Will the Minister indicate the expected number of claimants who will receive an alternative payment arrangement by, say, April 2014 and by full rollout? We have seen the first draft of the local support framework, which sets out the principles of the support that will be offered. However, what was planned as phase 2 of the universal credit rollout was supposed to provide the basis for the DWP and local authorities to start to plan these vital services. What is the plan now, given the revised universal credit rollout?
The Government have also launched demonstration projects to test how claimants can manage monthly payments of housing benefit. These are supposed to inform the final development and design of the exceptions policy. Will the Minister please update us on whether the projects will include any circumstances where monthly payments of rent are made under universal credit, rather than under the existing benefits regime?

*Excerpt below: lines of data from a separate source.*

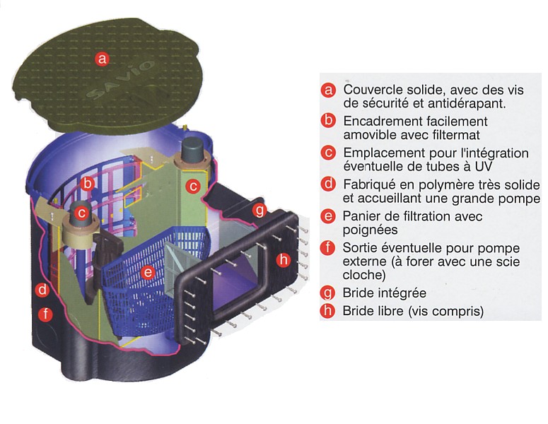 SAVIO peut servir de filtration complète pour un bassin de 5000 à 6000
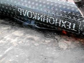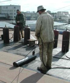 Порядок установки заплаты: · Очистить место повреждения от мусора и пыли. · Вырезать заплатку на 100 мм перекрывающую место повреждения кровельного ковра и скруглить углы на заплатке. · Разогреть место установки заплаты пламенем пропановой горелки и утопить посыпку шпателем в верхний слой битумного вяжущего. · Наплавить заплатку на место повреждения. 5. КОНТРОЛЬ КАЧЕСТВА И ПРИЁМКА РАБОТ.5.1. Контроль качества используемых рулонных материалов возлагается на строительную лабораторию; производства работ - на мастера или бригадира. 5.2. В процессе производства работ устанавливается постоянный контроль за соблюдением технологии выполнения отдельных этапов работ. 5.3. На объекте заводится «Журнал производства работ», в котором ежедневно фиксируются: · дата выполнения работы; · условия производства работ на отдельных захватках; · результаты систематического контроля за качеством работ. 5.4. Качество устройства отдельных слоёв покрытия устанавливается путём осмотра их поверхности с составлением акта на скрытые работы после каждого слоя. Прочность сцепления водоизоляционного ковра с основанием должна быть не менее 1 кгс/см2. 5.5. Обнаруженные при осмотре слоёв приёмочной комиссией дефекты или отклонения от проекта должны быть исправлены до начала работ по укладке вышележащих слоев кровли. 5.6. Приёмка законченной кровли сопровождается тщательным осмотром её поверхности, особенно у воронок, в лотках и местах примыканий к выступающим конструкциям. В отдельных случаях готовую плоскую кровлю с внутренним водостоком проверяют путём заливки её водой. Испытание можно производить при температуре окружающего воздуха не менее +5ºС. 5.7. В ходе окончательной приемки кровли предъявляются следующие документы: · паспорта на примененные материалы; · данные о результатах лабораторных испытаний материалов; · журналы производства работ по устройству кровли; · исполнительные чертежи покрытия и кровли; · акты промежуточной приёмки выполненных работ. 6. ОХРАНА ТРУДА И ТЕХНИКА БЕЗОПАСНОСТИ.6.1. Производство работ по устройству кровельных покрытий с водоизоляционным ковром из битумных и битумно-полимерных материалов ЗАО «ТехноНИКОЛЬ» и ремонту рулонных кровель должны проводиться в соответствии с требованиями СНиП 12-03-01 «Безопасность труда в строительстве»; «Правилами пожарной безопасности в Российской Федерации» (ППБ-01-93). 6.2. К работам по устройству и ремонту кровель допускаются мужчины не моложе 21 лет, прошедшие предварительный и периодический медицинские осмотры в соответствии с требованиями Минздрава РФ; профессиональную подготовку; вводный инструктаж по безопасности труда, пожарной и электробезопасности, имеющие наряд-допуск. 6.3. При работе с оборудованием для наклейки рулонных материалов наплавляемым способом с применением инфракрасного метода необходимо соблюдать требования ГОСТ 12.1.013-78 «Строительство. Электробезопасность. Общие требования», ГОСТ 12.1.019-79 «Электробезопасность. Общие требования и номенклатура видов защиты», ГОСТ 12.1.030-81 «Электробезопасность. Защитное заземление. Зануление». 6.4. Работы по укладке всех слоёв покрытия должны производиться только при использовании средств индивидуальной защиты (СИЗ) в соответствии с «Типовыми отраслевыми нормами бесплатной выдачи специальной одежды, специальной обуви и других средст
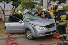 В Днепре на Набережной Заводской Audi на скорости влетел в Kia и задел Toyota: спасатели вырезали девушку из салона
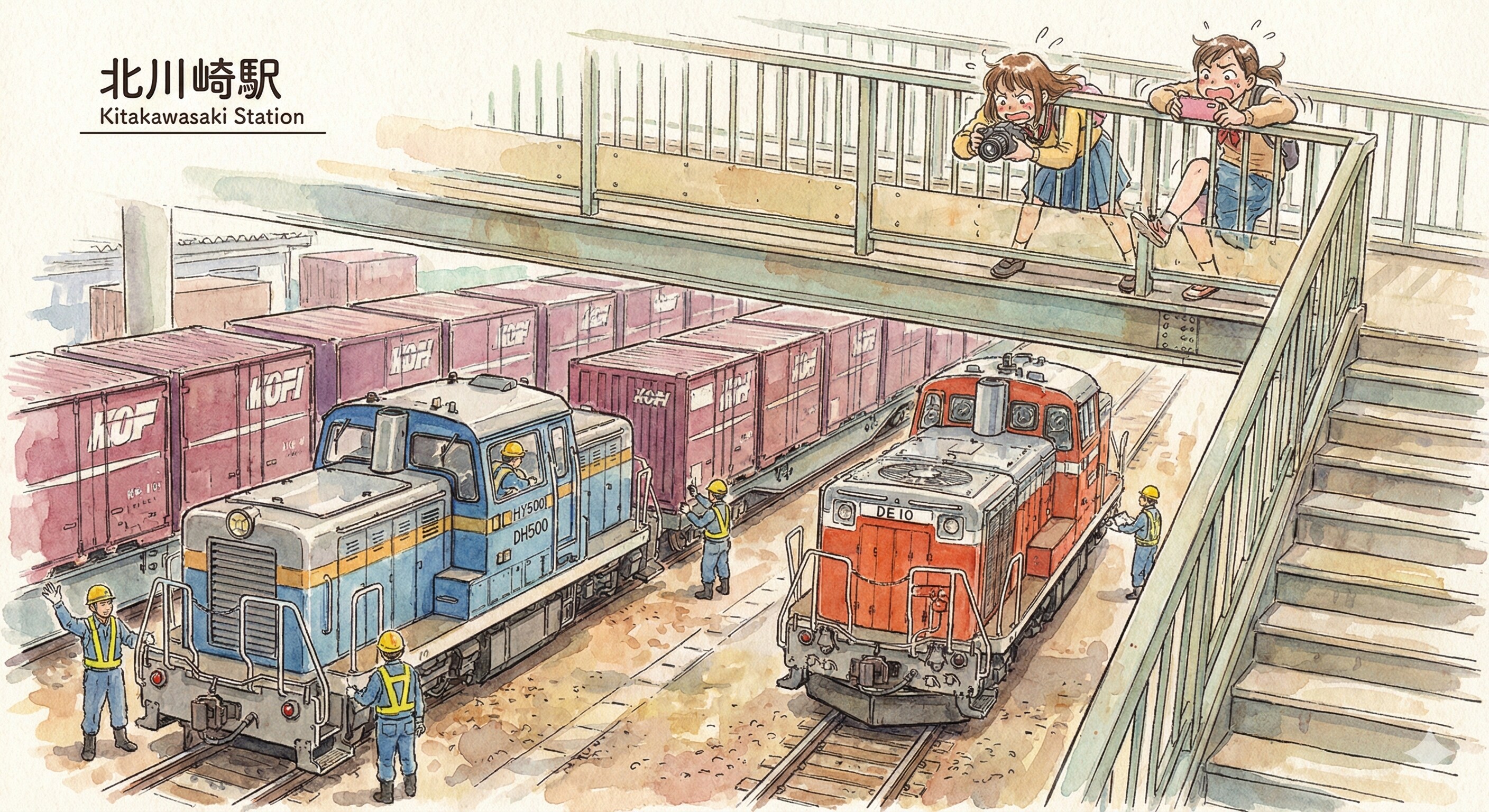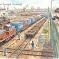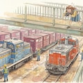 貨物駅と機関車。

We have supported the introduction of universal credit and will continue to do so, despite the project being seriously off-track. We have offered our support to help to restore confidence in the project. We have an unease about some of its components, especially combined monthly payments as the default position, and we will continue to press for the development of fair, comprehensive and practical exemption arrangements. We make no apology for promising to revisit these issues regularly and robustly. I beg to move.
8.15 pm
Baroness Lister of Burtersett (Lab): My Lords, there are many issues raised by the claims and payments regulations, but I plan to focus on the two that I raised in our debates on the Bill itself: monthly payments and payment into single accounts. These are lumped together in the guidance on personal budgeting support in a way that is not very helpful, because there are different issues at stake—a point to which I will return. Nevertheless, some questions relate to both matters: most fundamentally on both, the Government have rejected the arguments made by many noble Lords for choice about payment arrangements in favour of a convoluted system of personal budgeting support, which I suspect is going to be pretty difficult and staff-intensive to administer.

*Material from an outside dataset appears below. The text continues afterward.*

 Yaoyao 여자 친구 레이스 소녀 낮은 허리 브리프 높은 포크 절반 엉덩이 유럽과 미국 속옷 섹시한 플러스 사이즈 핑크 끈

The clear injunction in the guidance that alternative payment arrangements are not available through choice would appear to contradict the earlier claim in the guidance that they would be claimant-centric—that is, done with, rather than to, the claimant. While I am pleased that the policy is no longer couched in the language of exceptions and vulnerability, designed to make a claimant feel different, this still appears to be the underlying philosophy.

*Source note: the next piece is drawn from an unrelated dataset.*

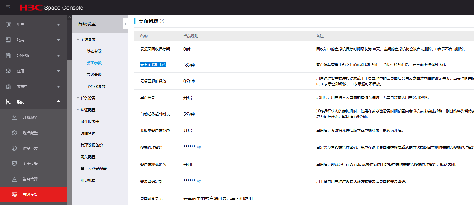 在系统-高级设置-桌面设置里面。把 云桌面超时下线 设置时间久一点就可以了。
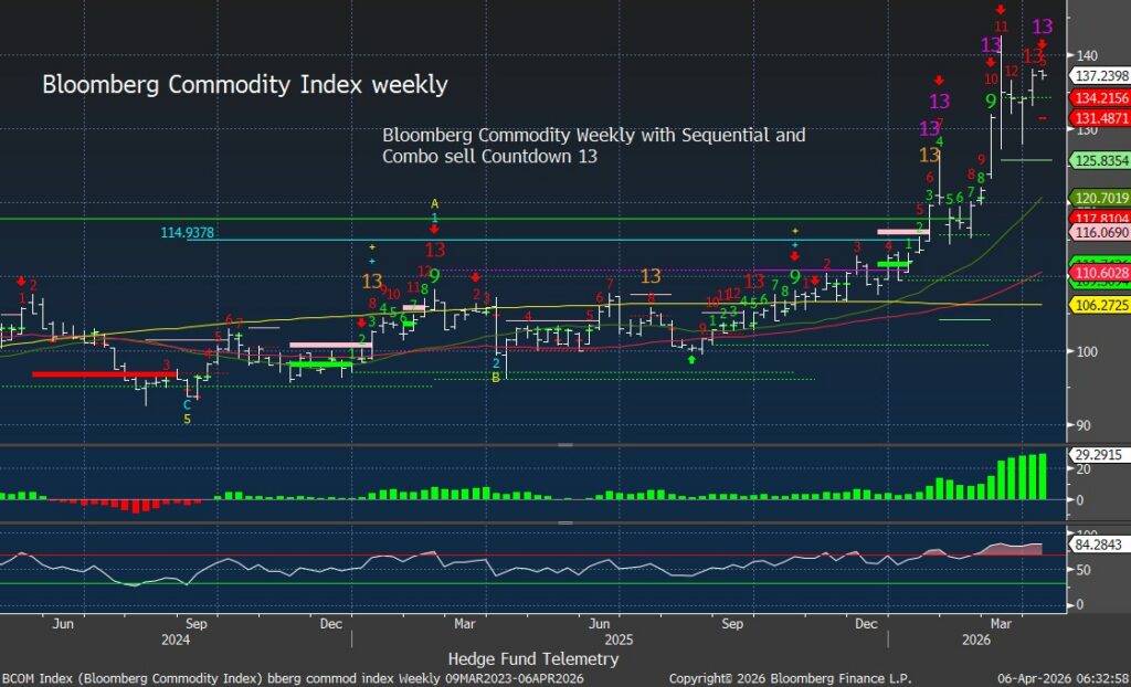 - Commodities + crude sentiment extreme → crowded inflation trade

This is also revealed in the argument that alternative payment arrangements should be temporary, to avoid labelling claimants as financially incapable. However, it is the Government who are in effect labelling them as such, by requiring claimants, who may be managing as well as can be expected, to adapt to payment systems that might simply be inappropriate for their
circumstances. This determination to change claimants’ behaviour smacks of the kind of social engineering that sits uneasily with both traditional Conservative and liberal philosophy.
In our previous debate on regulations, the Minister said that he would be able to provide more information about the department’s working assumptions on the number and proportion of claimants likely to be deemed to require personal budgeting support,
“as we work our way through”.—[Official Report, 13/2/13; col. 755.]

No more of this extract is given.